After I finished Talbot’s book, I reread James Douglass’s JFK and the Unspeakable, which provides a lucid argument for why Kennedy had to die. The short answer is that he wanted to end the Cold War, Vietnam, and deescalate nuclear arms. He also wanted to shutter the CIA. Kennedy never trusted military leadership after the Bay of Pigs and he refused to be alone in a room with generals. He would instead rely heavily on advice from his brother Robert. JFK initiated back-channel communications with Khrushchev. Taped conversations and letters exist. Douglass points to this speech as the day the president signed his own death sentence.
I concluded my binge with two books: Graham Greene’s The Quiet American and C. Richard Allen’s RFK: His Words for Our Times. The Greene novel is my favorite of his work because it showcases the dangers of American naivete. The novel’s title inspired my own story in Vautrin. It is no small irony that while Greene was writing the novel in Hanoi, JFK and RFK were in Vietnam. A letter exists between the brothers that shows both men agreed that a war in Vietnam was neither winnable nor sustainable.

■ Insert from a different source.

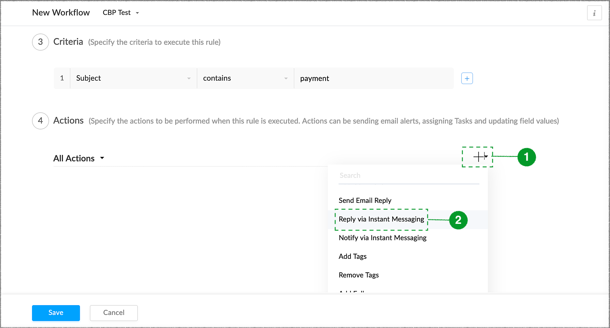7. In the Actions section, click the Add icon and select Reply via Instant Messaging from the drop-down list.

I was never a fan of RFK until I read Allen’s compilation of letters, arranged chronologically. My initial assessment of RFK was that he was arrogant and guilty of dichotomous thinking. He saw everything in terms of black or white. He was incapable of seeing gray and was rather apoplectic about ambiguity, which is how I wrote him in my third Company Files novel, The Devil’s Music. The letters showcase a remarkable and stunning transformation, a journey into wisdom. Where his brother was aloof and ultimately unknowable, RFK was sensitive and compassionate. His brother’s death radicalized him. He wore his heart on his sleeve. He was troubled by a country divided, the chasm between those with extreme wealth and those who had nothing; he was especially offended by the poverty he saw firsthand in rural America. You can’t help but be moved to tears when he says the shanties of Mississippi were worse than anything he’d seen in Africa.

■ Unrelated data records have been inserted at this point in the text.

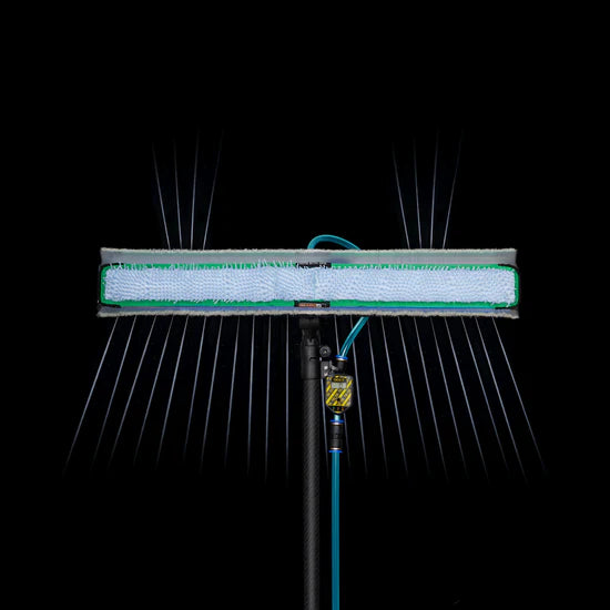 SOLAR ROCKER - Hemmeligheden i designet er, at vandet ikke passerer gennem denne børste som andre børster - det flyder hen over toppen af børstehårs bladene og fosser ned ad glasset, som om glasset er hydrofilt, selv om det er hydrofobt! Det betyder, at du har en større mængde skyllevand - hvilket sikrer, at alt snavs (selv edderkoppespind) nemt bliver skyllet af panelet uden at skulle "jages ned af glasset" som i gamle dage.
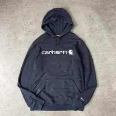 Carhartt 袖ロゴパーカー 黒 M ルーズフィット フェード USA企画
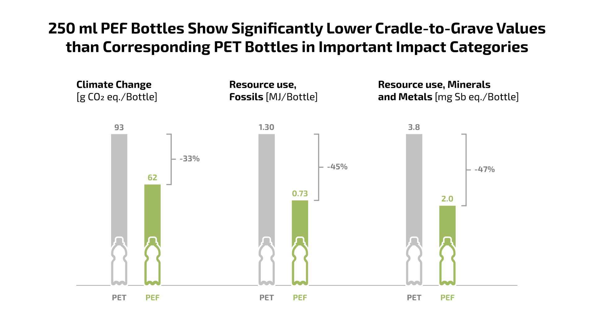 The LCA evaluated 16 different impact categories covering all relevant life cycle stages from cradle-to-grave. The comparative analysis showed that PEF bottles would result in significant reductions in greenhouse gas emissions (-33 %) compared to reference PET bottles. PEF would also lead to 45 % lower finite resource consumption of fossil fuels and reduce the pressure on abiotic resources (minerals and metals) by 47 % due to the mechanical properties of PEF enabling light-weighting. However, PET bottles would outperform PEF-bottles in other impact categories mostly arising from the current feedstock supply. Overall, this represents a benefit because climate change and resource use are among the most relevant environmental impact categories in the current political agenda. They are driving the transition from fossil to renewable carbon.Â

Dulles made me recoil in horror, at the magnitude of Evil incarnate. In November of 1963, the country lost whatever innocence it had, and by June 1968, buried it. I end this with these words RFK used when he spoke the night Martin Luther King, Jr. died:
“And even in our sleep, pain which cannot forget falls drop by drop upon the heart, until in our own despair, against our will, comes wisdom through the awful grace of God.”
4 comments:
Thanks, Gabriel — some great recommendations.
You my friend have a fascinating mind. Americans have the most amazing ability to regain, or pretend to regain their innocence, clutching imagined pearls they say things like "Slavery wasn't all bad, some slave got job skills." And we don't burn the country to ground.
I look forward to what this reading becomes in your writing.
I've never been the biggest Graham Green fan but The Quiet American is an exception. Fascinating to read to what another quiet American thinks of it. Cx
Thank you, Josh and Catriona. As for Graham Greene, I do feel his Catholicism gets in the way of his writing (feel the same with CS Lewis and Mary McCarthy). The man lived an intriguing life of numerous contradictions, such as living on/off with a mistress for years, and a friendship with Kim Philby. Humans be complicated.